As the NFL opens training camp, there are six coaches holding prominent positions in the league who learned at least part of their trade as coaches at BYU from 1979-1985.
Three of them are offensive coordinators Mike Sheppard (Saints), Norm Chow (Titans) and Ted Tollner (Lions) and three of them are head coaches (and former offensive coordinators) Brian Billick (Ravens), Andy Reid (Eagles) and Mike Holmgren (Seahawks). The three head coaches have each taken teams to the Super Bowl.
All of the above coached at BYU during one golden seven-year run. No wonder the Cougars' record during that stretch was 75-14 with seven conference championships and one national championship.
All of them have backgrounds in offensive football and the passing game, which is to be expected from a group who cut their teeth at Quarterback/Pass U. (although the Ravens have not demonstrated much offense under Billick, the former BYU tight end did once oversee the prolific Minnesota Viking offense, which set an NFL scoring record while he was there).
If you wanted to carry things even further, Bart Andrus, a former assistant with the Tennessee Titans, is head coach of the Amsterdam Admirals, the newly crowned champions of NFL Europe.
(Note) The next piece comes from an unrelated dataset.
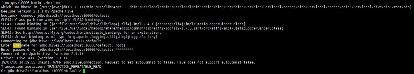 配置完后重启HiveServer2,再通过./beeline($HIVE_HOME/bin下)测试连接
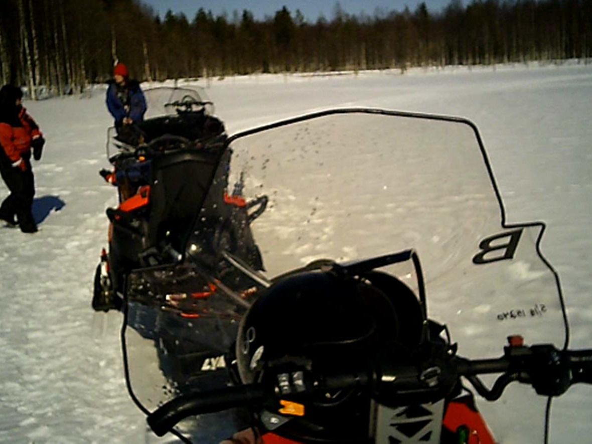 メインはスノーモービル運転で、片道30分位運転します。

Jim Lind is a linebacker coach under Holmgren with the Seahawks.
This is to say nothing about ex-BYU coaches from the Edwards era who formerly coached in the NFL Wally English and the late, great Doug Scovil were offensive coordinators, and Dwaine Painter bounced around the NFL for years among a variety of offensive assistants' jobs.
The Quarterback Factory turned out some of the game's top coaches on the side, it turns out.
"We not only had a good run of (player) talent," says legendary former head coach LaVell Edwards, "but we had a good run of coaches, too. And for the most part, (BYU) is where most of them got their start of really having good experience. Except for Scovil and Tollner, none of them had had much experience."
Edwards had a knack for choosing assistant coaches. Sheppard, Chow, Billick and Reid began collegiate coaching careers as graduate assistants at BYU. Reid was going to become a doctor until Edwards asked him, "Have you thought about being a coach? You'd be a good one."